As is fitting in the Lord does not define the extent of a wife’s submission. It does not define the limit of a wife’s submission. It defines the motive of a wife’s submission. It means, “Wives, submit yourselves unto your own husbands because it is a part of your followership of Jesus, because it is an expression of your submission to the Lord.”

Wives submit to their husbands, not because its the right thing to do, or because it boosts his ego, or because it gets you what you want. Wives follow Jesus first so that you point to a reversed curse.

Husbands, love your wives: Paul’s words to husbands safeguards his words to wives. Though wives are to submit to their husbands, it never excuses husbands acting as tyrants over their wives. 

Significantly, this puts an obligation upon the husbands. In the ancient world – under Jewish, Greek, and Roman customs, all power and privileges belonged to husbands in the household. There were no complimentary powers or privileges. Paul’s call for the husband to love his wife shifts the typical power dynamic at play.

Love in this way denotes caring love, a deliberate attitude of mind that concerns itself with the well-being of the one loved.” But it can be defined as love that loves without changing. It is a self-giving love that gives without demanding or expecting re-payment. It is love that loves even when it is rejected. 

Agape love gives and loves because it wants to; it does not demand or expect repayment from the love given.
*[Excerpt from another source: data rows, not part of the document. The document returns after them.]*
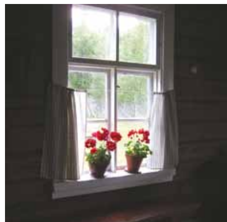
"Mummon akkuna". Kuvaajana R.R. Kajaanista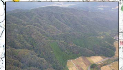
鳥取県東伯郡三朝町(民有林)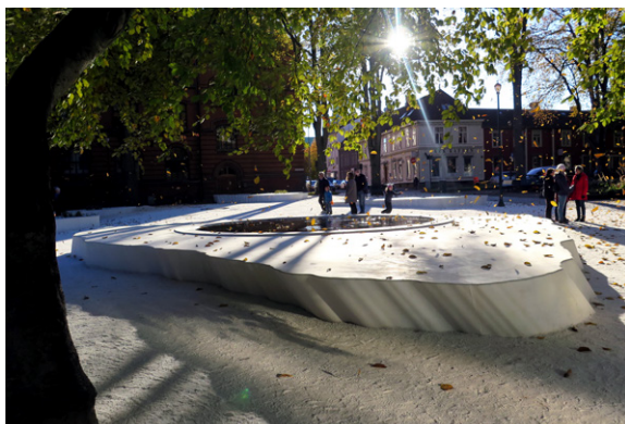
1. K.B Hallen, Frederiksberg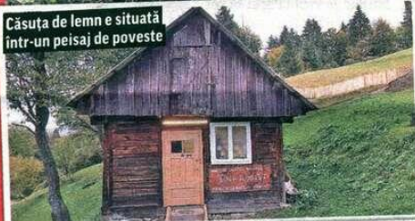
Căsuța de lemn e situată într-un peisaj de poveste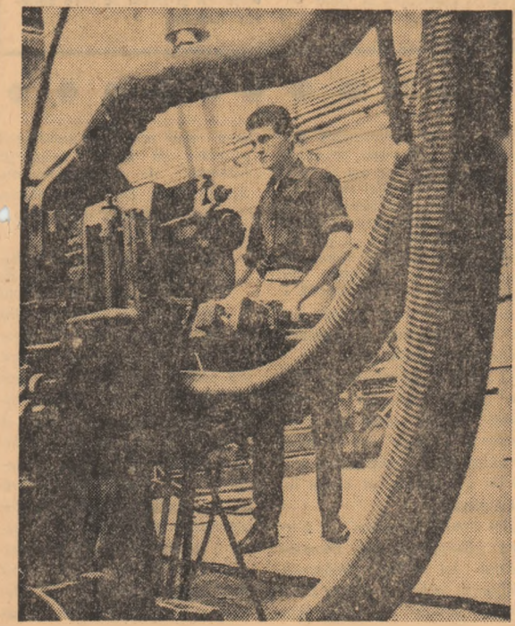
Fabrica de mobilă Sighetul Mar maijei — secția de prelucrare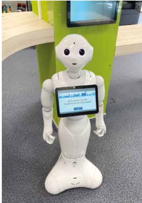
Roboter Pepper ist der neue Mitarbeiter der Stadtbibliothek.

Die Stadtbibliothek hat für den Ausbau der Vermittlungsangebote in der digitalen Bildung weitere Fördermittel in Höhe von 50.000 Euro über das Projekt „Wissens-Wandel“ erhalten. Das bundesweite „Digitalprogramm für Bibliotheken und Archive innerhalb von Neustart Kultur“ unterstützt auf Antrag der Stadtbibliothek den Ausbau der Robotik-Angebote und die digitale Leseförderung. Ziel des Projektes „Erleben und begreifen – Schriftsprache, Coding und Robotik“ ist, generationenübergreifend den bewussten Umgang mit digitalen Medien und Technik zu fördern. Damit wird bei Kindern ab 9 Jahren und Erwachsenen Neugier auf die Auseinandersetzung mit Algorithmen, Programmcodes und Robotern geweckt.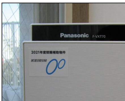
0歳児クラスにて使用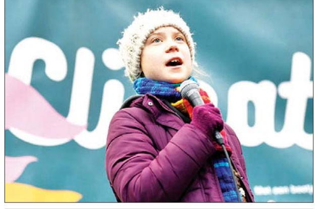
ရာသီဥတုအရေးတက်ကြွလှုပ်ရှားသူ ဂရီတာသွန်းဘတ်

စတော့ဟုမ်း မတ် ၂၅ ဆွီဒင်နိုင်ငံမှ ရာသီဥတုအရေးတက်ကြွလှုပ်ရှားသူ ဂရီတာသွန်းဘတ်က ၎င်း၌ ကိုရိုနာဗိုင်းရပ်စ်ကူးစက်ခံထားရပွယ်ရှိနေကြောင်း မတ် ၂၄ ရက်တွင် ပြောကြားခဲ့သည်။ ဥရောပအလယ်ပိုင်းခရီးစဉ်မှ ပြန်လာပြီးနောက်တွင် ရောဂါကူးစက်ခံရသည့် လက္ခဏာအချို့ကို ခံစားလာရသည်ဟု ၎င်းက ဆိုသည်။ ပြီးခဲ့သည့် ၁၀ ရက်ခန့်အကြာက ၎င်းအနေဖြင့် မောပန်းနွမ်းနယ်ခြင်း၊ ချမ်းတုန်ခြင်း၊ လည်ချောင်းနာခြင်းနှင့် ချောင်းဆိုးခြင်းများကို ခံစားခဲ့ရကြောင်း ရာသီဥတုအရေးတက်ကြွလှုပ်ရှားသူ ဆယ်ကျော်သက် ဂရီတာသွန်းဘတ်က ပြောကြားခဲ့သည်။ ဥရောပအလယ်ပိုင်းမှ ပြန်ရောက်လာပြီးနောက် ယင်းလက္ခဏာများ ဖြစ်ပေါ်ခဲ့ကာ ၎င်းနှင့် ဖခင်ဖြစ်သူတို့မှာ ကြိုတင်ကာကွယ်သည့်အနေဖြင့် သီးခြားနေထိုင်လျက်ရှိကြောင်း ၎င်းကပြောသည်။ ဆွီဒင်နိုင်ငံ၌ မတ် ၂၄ ရက်က ကိုရိုနာဗိုင်းရပ်စ်ကူးစက်ခံရသည့်လူနာ ၂၂၇ ဦးရှိကြောင်း အတည်ပြုခဲ့သည်။ ကျန်းမာရေးစစ်ဆေးမှု မခံယူရသေးသော်လည်း ကိုရိုနာဗိုင်းရပ်စ် ကူးစက်ခံရခြင်း ဖြစ်နိုင်ချေများကြောင်း ဂရီတာသွန်းဘတ်က ပြောကြားခဲ့ သည်။ အေအက်ဖ်ပီ

It gives because it loves, it does not love in order to receive.The word has little to do with emotion; it has much to do with self-denial for the sake of another.
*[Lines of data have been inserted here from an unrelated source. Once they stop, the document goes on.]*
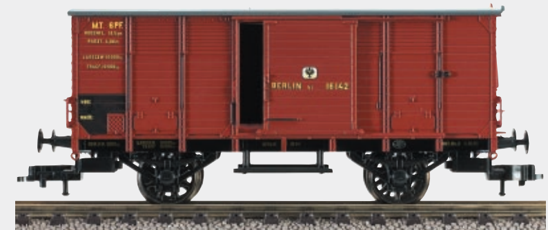
▲ Premiere in der Epoche I: gedeckter Länderbahn-Güterwagen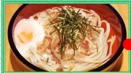
熊谷うどん (熊谷市) 熊谷産小麦を使用した地元ブランドうどん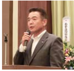
通常総代会で挨拶する関本部長

本無線労働組合、業務委員長賞にはルビコン労働組合と小諸村田製作所労働組合の作品が受賞されました。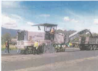
Foto 1. Siguatepeque - Taulabé Fresado capa de carpeta asfáltica dañada en sitio de falla.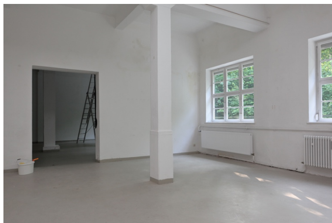
Bild: Zweite Galerie in der Brunngartenstraße (Planzeichnung erstellt von Heidi Lehwald)

Der Umzug in das neue Galeriegebäude erbrachte eine Vergrößerung der Ausstellungsfläche. Im neuen Gebäude konnten 2000 bereits fünf Ausstellungen, ausschließlich durch KVD-Mitglieder bestritten werden. Die Schlossausstellung stand unter dem Motto "Gestern – Heute – Berührungspunkt Kunst", eine Hommage an Künstler aus der Zeit der Künstlerkolonie.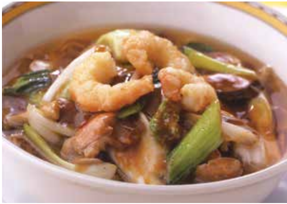
3. 亜寿多麺 ..... 2,200 Aster special soup noodles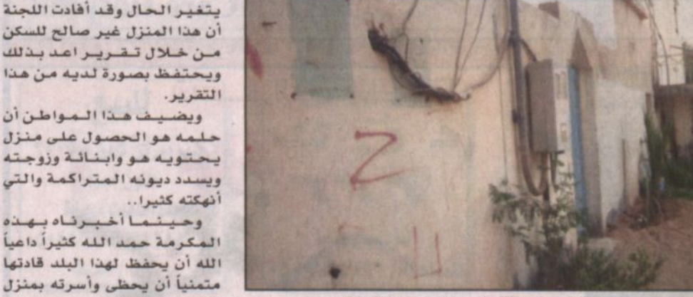
منزل قديم في سكاكا يعاني من عدم البنية التحتية

عذرة - عبدالرحمن البقمي، نوه عدد من المسؤولين بمحافظة عذرة بتوجيهات صاحب سمو الملكي الأمير عبدالله بن عبدالعزيز ولي العهد نائب رئيس مجلس الوزراء رئيس الحرس الوطني بتخصيص مليار ريال من فائض الميزانية لمشاريع الإسكان الشعبي وقالوا في تصريح لـ«الرياض» أن هذا الدعم والتوجيه من سمو الكريم ليس بغريب فقد تبني حفظه الله قبل ذلك صندوق معالجة الفقر وهو أحد الاهتمامات التي أشرف عليه سموه بنفشه إبان جولاته التفقدية للأحياء الفقرية في مدينة الرياض. وأجمعوا بأن هذا التخصيص سيوفر السكن المريح لكل محتاج في مدن ومحافظات ومراكز المملكة وسيدعم الأسر المحتاجة. وقال المرشح لعضوية المجلس البلدي الشيخ سامي بن صالح الغريز: الحمد لله والصلاة والسلام على المبعوث رحمة للعالمين وعلى آله وصحبه والتابعين، حقيقة استبشرت خيراً ولم أملك نفسي من الفرح لما سمعت بصدور أوامر صاحب السمو الملكي الأمير عبدالله بن عبدالعزيز ولي العهد نائب رئيس مجلس الوزراء رئيس الحرس الوطني بتخصيص مبلغ مليار ريال من فائض الميزانية لصالح الإسكان الشعبي. ولا شك أن المؤمن يفرح لاخواته

With this type of love in view that Paul calls husbands to, husbands we must express love in two ways that will push back against our culture.

Therefore, love is not passive. Love is active. Husbands, when you are tired, maybe want to unwind and play video games,  and want to put your feet up, love is active.

We can read this passage and think that Paul means, “Husband do what your wife wants. Have her tell you what needs done around the house.” But that isn’t what Paul writes about. What he really means is, “Husband, continually practice self-denial for the sake of your wife by taking initiative.”

Love is not weakness. Love is strength.

 And do not be bitter toward them: The implication is perhaps the wife has given the husband some reason to be bitter. Paul says, “That doesn’t matter, husband.” The husband may feel perfectly justified in his harsh or unloving attitude and actions towards his wife, but he is not justified – no matter how the wife has been towards the husband.

Husbands, there is only one way you can get this strength: it is not from sheer willpower or suppressing your emotions, paying someone else to do it, it comes from your connection to Jesus.

In a passage like this, you are likely tossed into pride or despair, the yes I do this, or the more likely despair of I can never measure up. This is the whole point, Paul gets to this section after, and only after, the follower of Jesus understands actions don’t reverse the curse, they are the results of a reversed curse.

The only way you go from butting heads like rams to being connected is by both pursuing Jesus. 

Steps: 1) Admit when you’re wrong, 2) Forgive, 3) Make a plan, 4) Repeat

If you are struggling today, you should 1) Revisit your commitment to Jesus, 2) Tell someone else in the church. Do not suffer in silence. Your burden is not your alone to bear.

Generations Church is the bridge of Christ. Composed of men and women who are everyday people committed to expanding’s God’s family together because of Jesus for generations to come. Together, married or single, we can be a picture of a reversed curse.